Work required: Would you restate the entries below word for word, leaving out the images?

(Items from a dataset)
.....
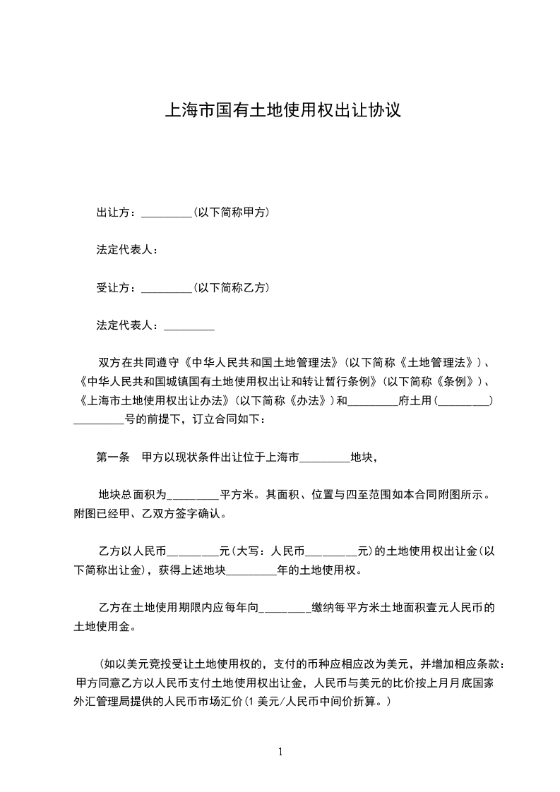 第一条 甲方以现状条件出让位于上海市_________地块,
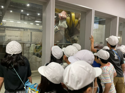 大きなクレーンがゴミを掴んで運んだり、混ぜたりしている様子を見ることができ、迫力のある光景に、歓声が上がっていました。クリーンセンターでは、ごみを燃やすときにできる蒸気で発電をしたり、発生する煙を機械できれいにしたりするなど、環境にもたくさん配慮されていることを知りました。私たちもきちんとごみを分別したり、ごみを減らしたりすることを大切にしていきたいですね。
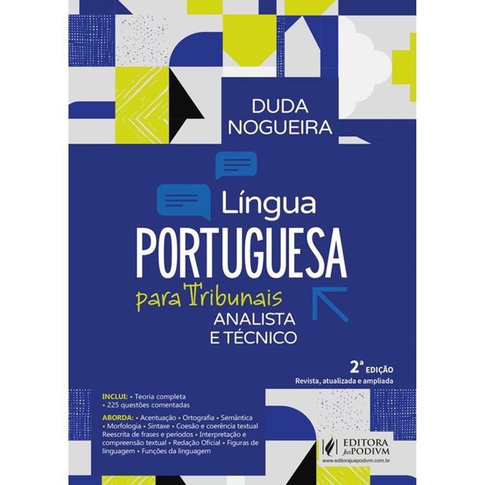 Este livro foi elaborado com base nas provas aplicadas pelos Tribunais – TSE, TST, TREs, TRFs, TRTs e TJs. Possui teoria e questões comentadas de gramática – incluindo coesão, coerência e reescrita de frases –, interpretação e compreensão textual, Redação Oficial e figuras de linguagem.
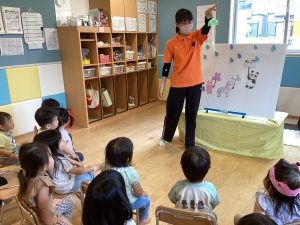 先生からのプレゼントは「だれの傘かなー?」のパネルシアターでした!
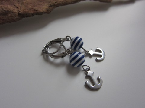 Náušnice jsou vytvořeny z háčků z chirurgické ocele a z nerezových komponentů v barvě platiny (vhodné pro alergiky) a z plastových pruhovaných bílo modrých korálků.
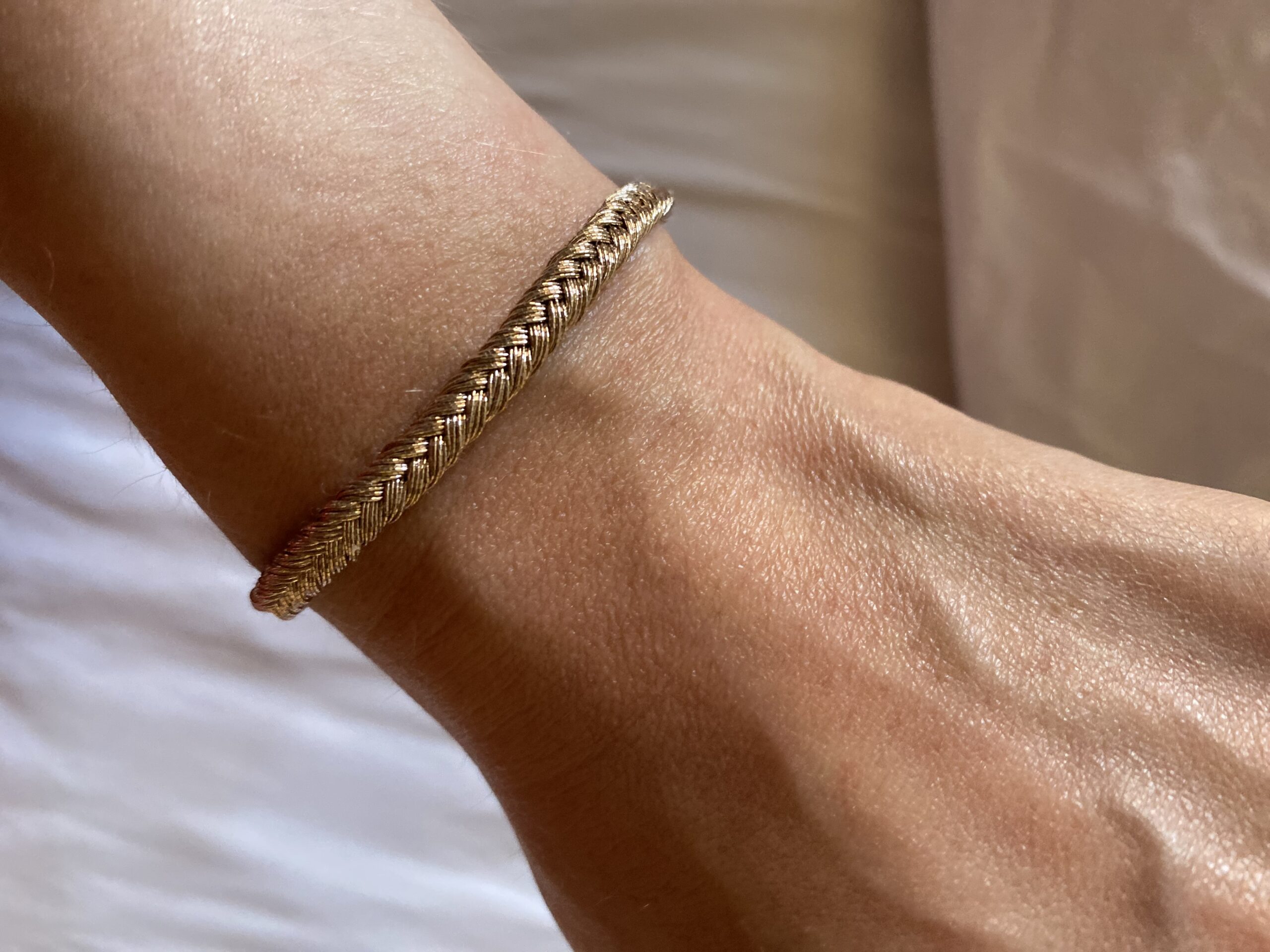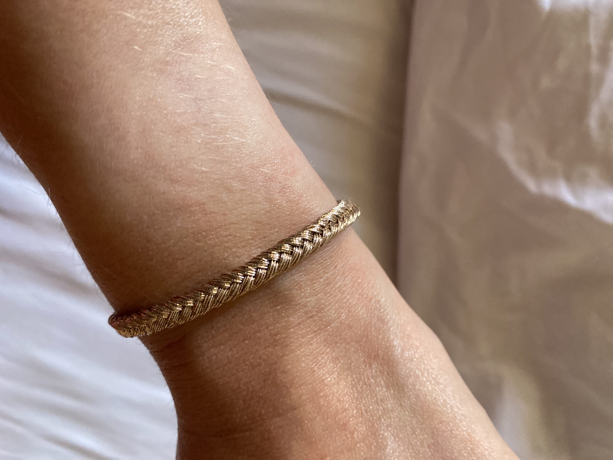 Ajoutez une touche d’élégance intemporelle à vos tenues avec notre bracelet en soie, tressée rose gold. Confectionné à la main avec un savoir-faire raffiné, ce bijou allie finesse du tissage et brillance subtile. Parfait seul ou en accumulation. Pièce unique.
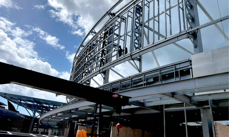 Construcción de plazas comerciales con acero.
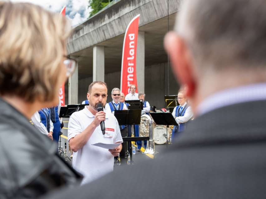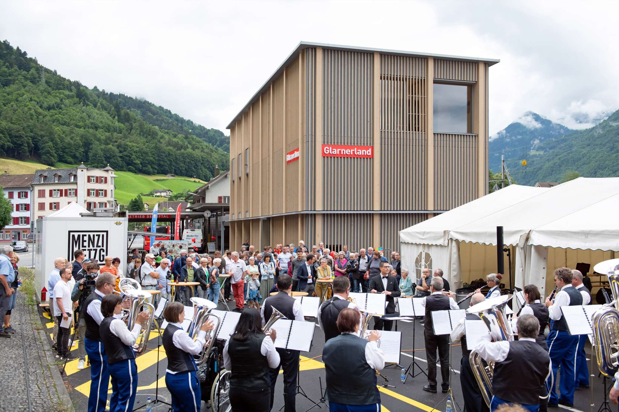Zahlreiche Gäste aus Tourismus, Politik und aus der Bevölkerung liessen es sich nicht nehmen den neuen Bau zu Begutachten und sich am attraktiven Rahmenproramm, organisiert von der Gemeinde Glarus Süd und durch VISIT Glarnerland zu erfreuen. Standortförderer Christian Marti von der Gemeinde Glarus Süd führte gekonnt durch die festliche Eröffnungsfeier, die musikalisch von der Harmoniemusik Schwanden begleitet wurde.
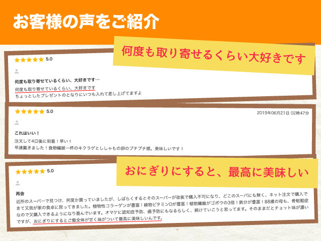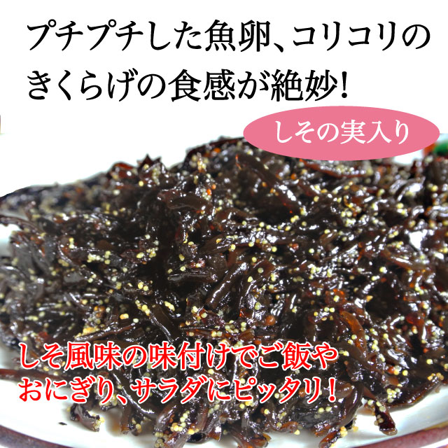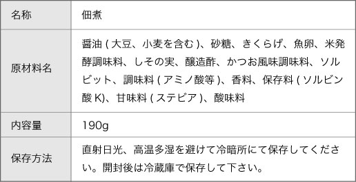 【原材料名】醤油(大豆、小麦を含む)、砂糖、きくらげ、魚卵、米発酵調味料、しその実、醸造酢、かつお風味調味料、ソルビット、調味料(アミノ酸等)、香料、保存料(ソルビン酸K)、甘味料(ステビア)、酸味料
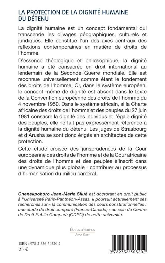 La dignité humaine est un concept fondamental qui transcende les clivages géographiques, culturels et juridiques. Elle constitue l'un des axes centraux des réflexions contemporaines en matière de droits de l'homme. D'essence théologique et philosophique, la dignité humaine a été consacrée en droit international au lendemain de la Seconde Guerre mondiale. Elle est reconnue universellement comme étant le fondement des droits de l'homme. Or, dans le système européen, le concept même de dignité est absent dans le texte de la Convention européenne des droits de l'homme du 4 novembre 1950. Dans le système africain, si la Charte africaine des droits de l'homme et des peuples du 27 juin 1981 consacre la dignité des individus et l'égale dignité des peuples, elle ne fait pas expressément référence à la dignité humaine du détenu. Les juges de Strasbourg et d'Arusha se sont donc érigés en architectes de cette protection. Cette étude croisée des jurisprudences de la Cour européenne des droits de l'homme et de la Cour africaine des droits de l'homme et des peuples s'inscrit dans une dynamique plus globale: contribuer au processus d'humanisation du milieu carcéral.
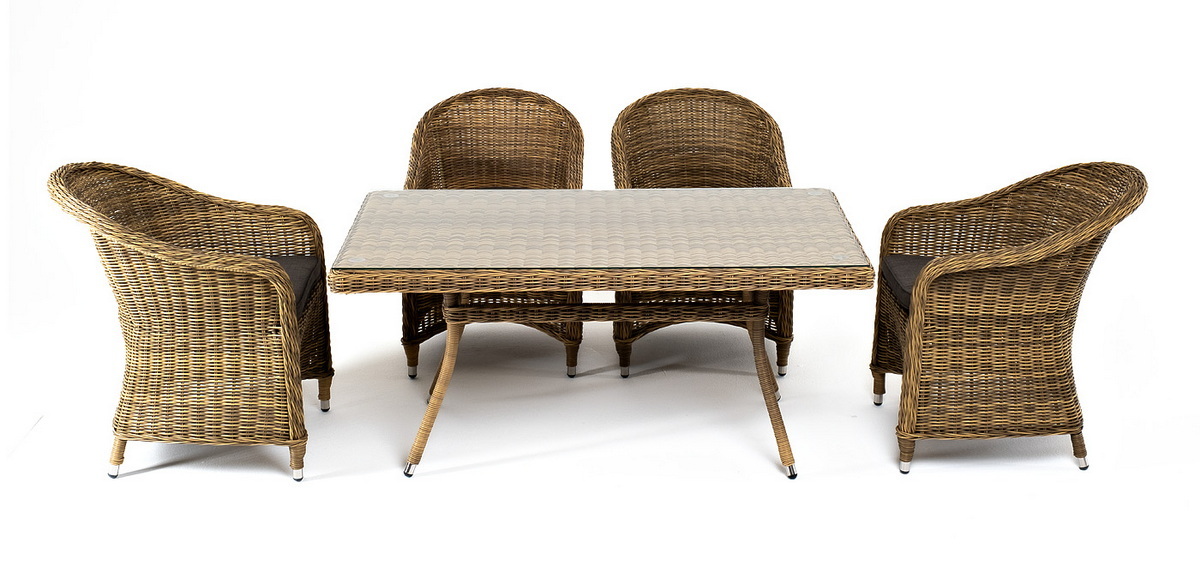 "Латте" плетеный стол из искусственного ротанга 140х80см, цвет соломенный 1шт. 1 400Х800Х750, "Равенна" плетеное кресло из искусственного ротанга, цвет соломенный с серо-коричневой подушкой 4шт. 570Х680Х810,
.....
Your solution:
 第一条 甲方以现状条件出让位于上海市_________地块,
 大きなクレーンがゴミを掴んで運んだり、混ぜたりしている様子を見ることができ、迫力のある光景に、歓声が上がっていました。クリーンセンターでは、ごみを燃やすときにできる蒸気で発電をしたり、発生する煙を機械できれいにしたりするなど、環境にもたくさん配慮されていることを知りました。私たちもきちんとごみを分別したり、ごみを減らしたりすることを大切にしていきたいですね。
 Este livro foi elaborado com base nas provas aplicadas pelos Tribunais – TSE, TST, TREs, TRFs, TRTs e TJs. Possui teoria e questões comentadas de gramática – incluindo coesão, coerência e reescrita de frases –, interpretação e compreensão textual, Redação Oficial e figuras de linguagem.
 先生からのプレゼントは「だれの傘かなー?」のパネルシアターでした!
 Náušnice jsou vytvořeny z háčků z chirurgické ocele a z nerezových komponentů v barvě platiny (vhodné pro alergiky) a z plastových pruhovaných bílo modrých korálků.
 Ajoutez une touche d’élégance intemporelle à vos tenues avec notre bracelet en soie, tressée rose gold. Confectionné à la main avec un savoir-faire raffiné, ce bijou allie finesse du tissage et brillance subtile. Parfait seul ou en accumulation. Pièce unique.
 Construcción de plazas comerciales con acero.
Zahlreiche Gäste aus Tourismus, Politik und aus der Bevölkerung liessen es sich nicht nehmen den neuen Bau zu Begutachten und sich am attraktiven Rahmenproramm, organisiert von der Gemeinde Glarus Süd und durch VISIT Glarnerland zu erfreuen. Standortförderer Christian Marti von der Gemeinde Glarus Süd führte gekonnt durch die festliche Eröffnungsfeier, die musikalisch von der Harmoniemusik Schwanden begleitet wurde.
 【原材料名】醤油(大豆、小麦を含む)、砂糖、きくらげ、魚卵、米発酵調味料、しその実、醸造酢、かつお風味調味料、ソルビット、調味料(アミノ酸等)、香料、保存料(ソルビン酸K)、甘味料(ステビア)、酸味料
 La dignité humaine est un concept fondamental qui transcende les clivages géographiques, culturels et juridiques. Elle constitue l'un des axes centraux des réflexions contemporaines en matière de droits de l'homme. D'essence théologique et philosophique, la dignité humaine a été consacrée en droit international au lendemain de la Seconde Guerre mondiale. Elle est reconnue universellement comme étant le fondement des droits de l'homme. Or, dans le système européen, le concept même de dignité est absent dans le texte de la Convention européenne des droits de l'homme du 4 novembre 1950. Dans le système africain, si la Charte africaine des droits de l'homme et des peuples du 27 juin 1981 consacre la dignité des individus et l'égale dignité des peuples, elle ne fait pas expressément référence à la dignité humaine du détenu. Les juges de Strasbourg et d'Arusha se sont donc érigés en architectes de cette protection. Cette étude croisée des jurisprudences de la Cour européenne des droits de l'homme et de la Cour africaine des droits de l'homme et des peuples s'inscrit dans une dynamique plus globale: contribuer au processus d'humanisation du milieu carcéral.
 "Латте" плетеный стол из искусственного ротанга 140х80см, цвет соломенный 1шт. 1 400Х800Х750, "Равенна" плетеное кресло из искусственного ротанга, цвет соломенный с серо-коричневой подушкой 4шт. 570Х680Х810,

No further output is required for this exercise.